- Born: 24 November 1917 Marrakesh, French Morocco
- Died: 20 April 2001 (aged 83) Neuilly-sur-Seine
- Known for: value added tax

= Maurice Lauré =

French civil servant, inventor of the value-added tax

Maurice Lauré (24 November 1917 - 20 April 2001) was a French civil servant. He is primarily known for creating the taxe sur la valeur ajoutée (TVA in French, otherwise known as value added tax (VAT) in English).

Originally an engineer of the École Polytechnique with the French postal and telephone service (PTT), he joined the French tax inspectorate after World War II. In 1952, he became deputy director of the new tax authority, the Direction générale des impôts, which he had helped to create.

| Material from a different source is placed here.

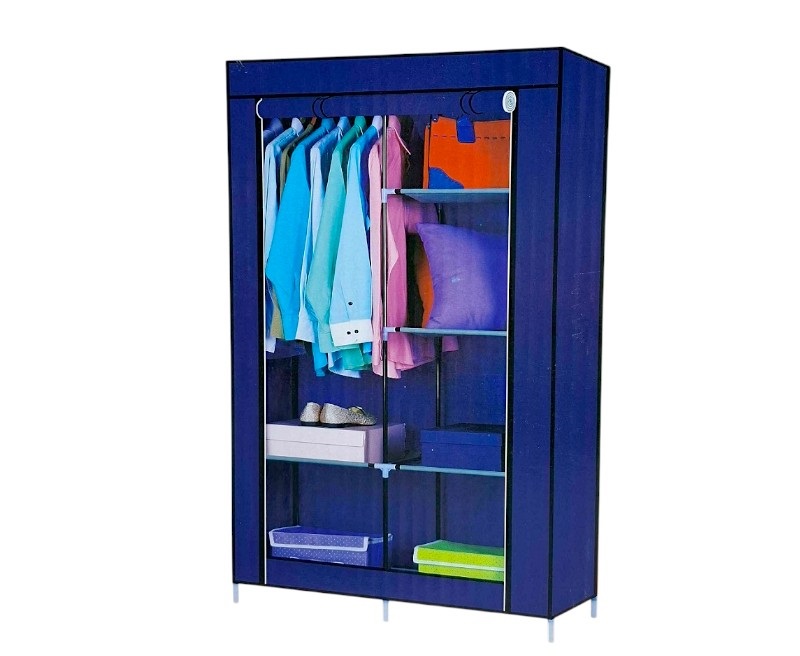 Υφασμάτινη ντουλάπα με ράφια, κατάλληλη για παπούτσια, ρούχα, λευκά είδη και οτιδήποτε επιθυμείτε να αποθηκεύσετε. Εύκολα συναρμολογούμενη, με στιβαρή κατασκευή με μεταλλικό σκελετό και ανθεκτικό ύφασμα non-woven που αντιστέκεται στην υγρασία και τη σκόνη. Το μπροστινό μέρος ανοίγει με φερμουάρ και τυλίγεται σε ρολό το οποίο στηρίζεται με ταινίες velcro για εύκολη πρόσβαση. Ιδανική για το σπίτι, το εξοχικό ή την αποθήκη σας.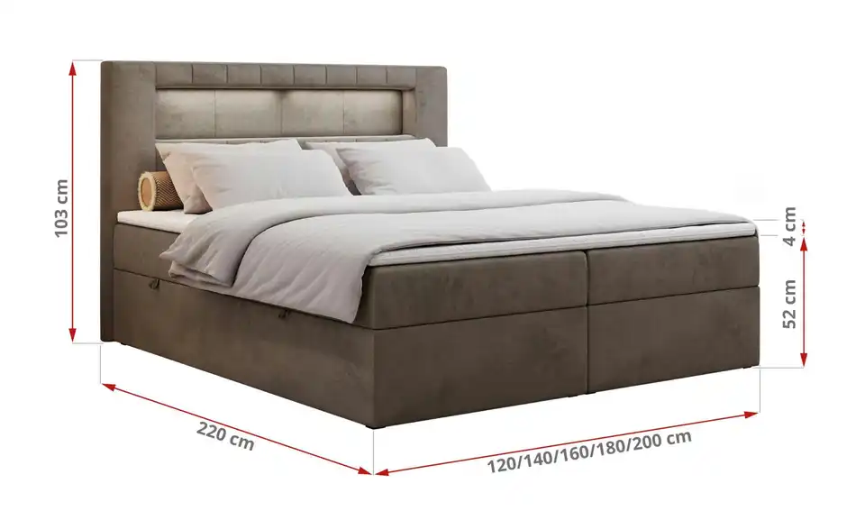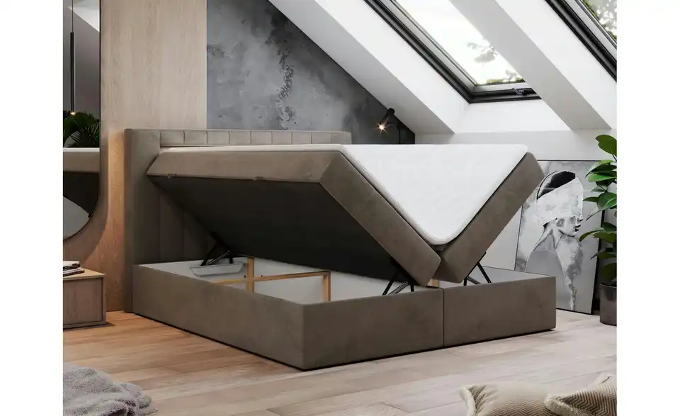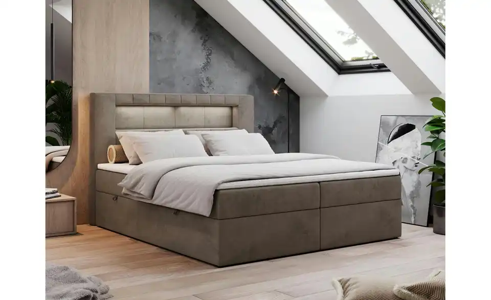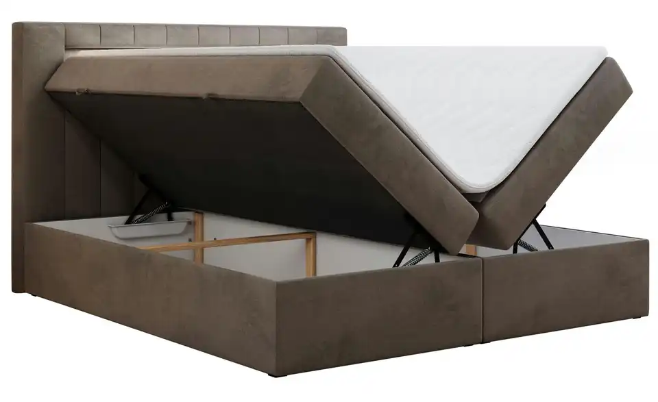 - Lieferumfang / mitgeliefertes ZubehörBronzefarbenes Polsterbett mit Bettkasten 200x200 cm

In 1954, he invented an indirect tax on consumption which became the TVA. His idea was quickly adopted because it forced taxpayers at all levels in the production process to administer and account for the tax themselves, rather than putting the burden only on retailers or requiring assessment by the tax authorities.

He later joined the board of several private sector companies, including Société Générale (the bank) and Nouvelles Galeries (a retailer).

His name is associated to the :fr:Taxe Lauré which is a tax on import goods from countries having an unfair advantage about salaries and working conditions.